# Solve ax²-9(a+b)x+(2a²+5ab+2b²)=0

By BYJU'S Exam Prep

Updated on: September 25th, 2023

Value of x = (a + 2b)/3 or x = (2a + b)/3 for Equation ax²-9(a+b)x+(2a²+5ab+2b²)=0.

Consider, 9x²-9(a+b)x+(2a²+5ab+2b²)=0

First, we have to consider (2a²+5ab+2b²) and factorize it:

= 2a²+4ab+ab+2b²

The above equation can be written as:

= 2a(a+2b)+b(a+2b)

Now we get:

= (2a+b)(a+2b)

Multiplying the above equation we get:

9x² – 9(a + b)x + (2a² + 5ab + 2b²) = 0

Taking common in the above equation we get:

9x² – 9(a + b)x + [(2a + b)(a + 2b)] = 0

9x² – 3*3(a + b)x + [(2a + b)(a + 2b)] = 0

9x² – 3(3a + 3b)x + [(2a + b)(a + 2b)] = 0

Substituting the values in the above equation we get:

9x² – 3[(a + 2b) + (2a + b)]x + [(a + 2b)(2a + b)] = 0

9x² – 3(a + 2b)x – 3(2a + b)x + (a + 2b)(2a + b) = 0

Taking 3x common in the above equation we get:

3x[3x – (a + 2b)] – (2a + b)[3x – (a +2b)] = 0

The above equation becomes:

[3x – (a + 2b)][3x – (2a + b)] = 0

[3x – (a + 2b)] = 0 or [3x – (2a + b)] = 0

Therefore:

3x = (a + 2b) or 3x = (2a + b)

### Factorisation

An algebraic expression is factorised when it is written as the product of its factors.
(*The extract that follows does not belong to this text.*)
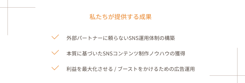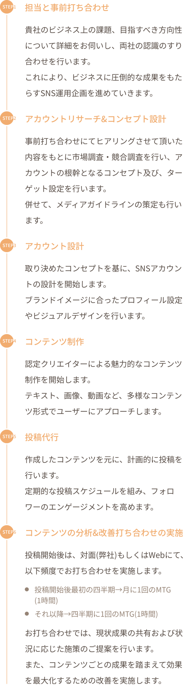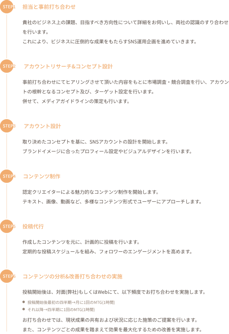 SNS Strategy & In-House Creation SNS Strategy & In-House Creation 事業成功を得るには 正しいコンテンツマーケティングを実践すること 圧倒的な成果を提供いたします 社内でこのような問題は起きていませんか? 社内にクリエーション事業部を立てることで SNS事業の更なる発展をサポートいたします! 社内にクリエーション事業部を立てることで SNS事業の更なる発展をサポートいたします! SNSコンテンツマーケティングで『あなたの理想の未来』を手に入れましょう。 SNSコンテンツマーケティングで『あなたの理想の未来』を手に入れましょう。 もし現状が理想の未来に繋がっていないと感じるなら、 今すぐ計画を見直すべきです。 もし現状が理想の未来に繋がっていないと 感じるなら、今すぐ計画を見直すべきです。 ご相談いただいた企業の98%が、 SNSマーケティングに取り組んでいるものの効果を実感していません。 SNSマーケティングは、ただ 「投稿を増やす」「伸びている動画を真似る」「フォロワー数を増やす」 だけでは成功しません。 必要なのは、緻密な戦略と設計、そして高品質なコンテンツです。 SNSマーケティングは、ただ 「投稿を増やす」「伸びている動画を真似る」「フォロワー数を増やす」 だけでは成功しません。 必要なのは、緻密な戦略と設計、そして高品質なコンテンツです。 多くの企業が持つ潜在力を活かしきれていないのは非常に勿体ないことです。 あなたの企業にしか作れない独自のコンテンツを、 私たちと一緒に創り上げていきましょう。 私たちが提供する成果 あなたに最適な提案をお届けします! SNSマーケティング戦略の構築、設計、実行に関して 専任のコンサルタントがサポートいたします。 SNSマーケティングを内製化するためのトレーニングも行い、 貴社のビジネスに圧倒的な成果をもたらすSNSマーケティング企画を進めていきます。 SNSマーケティングを内製化するためのトレーニングも行い、 貴社のビジネスに圧倒的な成果をもたらすSNSマーケティング企画を進めていきます。 Contact us → クリエーション内製化 自社でSNS運用&コンテンツ制作、ブランディングを内製化するための教育等まで幅広く対応し、 貴社のビジネスに圧倒的成果をもたらすコンテンツマーケティング企画を進めていきます。 自社でSNS運用&コンテンツ制作、ブランディングを内製化するための教育等まで幅広く対応し、 貴社のビジネスに圧倒的成果をもたらすコンテンツマーケティング企画を進めていきます。 FLOW SNS運用一括代行サービス 社内リソースが不足し、SNS運用が難しいお客様向けに、アカウントリサーチ、コンセプト設計、コンテンツ制作、投稿代行まで、専任コンサルタントが一括で運用を代行します。 部分的な代行も可能ですので、詳しくはお問い合わせください。 社内リソースが不足し、SNS運用が難しいお客様向けに、アカウントリサーチ、コンセプト設計、コンテンツ制作、投稿代行まで、専任コンサルタントが一括で運用を代行します。 部分的な代行も可能ですので、詳しくはお問い合わせください。 FLOW 不明点はご遠慮なく下記よりお問い合わせくださいませ 不明点はご遠慮なく下記よりお問い合わせくださいませ Contact us → BLOG タイトル4 タイトル3 タイトル2 Load More More 事業成功を得るには 正しいコンテンツマーケティングを実践すること 圧倒的な成果を提供いたします 社内でこのような問題は起きていませんか? 社内にクリエーション事業部を立てることで SNS事業の更なる発展をサポートいたします! 社内にクリエーション事業部を立てることで SNS事業の更なる発展をサポートいたします! SNSコンテンツマーケティングで『あなたの理想の未来』を手に入れましょう。 SNSコンテンツマーケティングで『あなたの理想の未来』を手に入れましょう。 もし現状が理想の未来に繋がっていないと感じるなら、 今すぐ計画を見直すべきです。 もし現状が理想の未来に繋がっていないと 感じるなら、今すぐ計画を見直すべきです。 ご相談いただいた企業の98%が、 SNSマーケティングに取り組んでいるものの効果を実感していません。 SNSマーケティングは、ただ 「投稿を増やす」「伸びている動画を真似る」「フォロワー数を増やす」 だけでは成功しません。 必要なのは、緻密な戦略と設計、そして高品質なコンテンツです。 SNSマーケティングは、ただ 「投稿を増やす」「伸びている動画を真似る」「フォロワー数を増やす」 だけでは成功しません。 必要なのは、緻密な戦略と設計、そして高品質なコンテンツです。 多くの企業が持つ潜在力を活かしきれていないのは非常に勿体ないことです。 あなたの企業にしか作れない独自のコンテンツを、 私たちと一緒に創り上げていきましょう。 私たちが提供する成果 あなたに最適な提案をお届けします! SNSマーケティング戦略の構築、設計、実行に関して 専任のコンサルタントがサポートいたします。 SNSマーケティングを内製化するためのトレーニ

These variables, factors, or algebraic expressions could be present.

The algebraic expressions can be factored in using one of four techniques.

1. Common factors method
2. Factorisation using identities
3. Regrouping terms method
4. Factors of the form (x+a) (x+b)

Summary:

## Solve ax²-9(a+b)x+(2a²+5ab+2b²)=0

On solving equation ax²-9(a+b)x+(2a²+5ab+2b²)=0, we get the value of x is x = (a + 2b)/3 or x = (2a + b)/3. It is solved using the common factors method of algebraic expressions.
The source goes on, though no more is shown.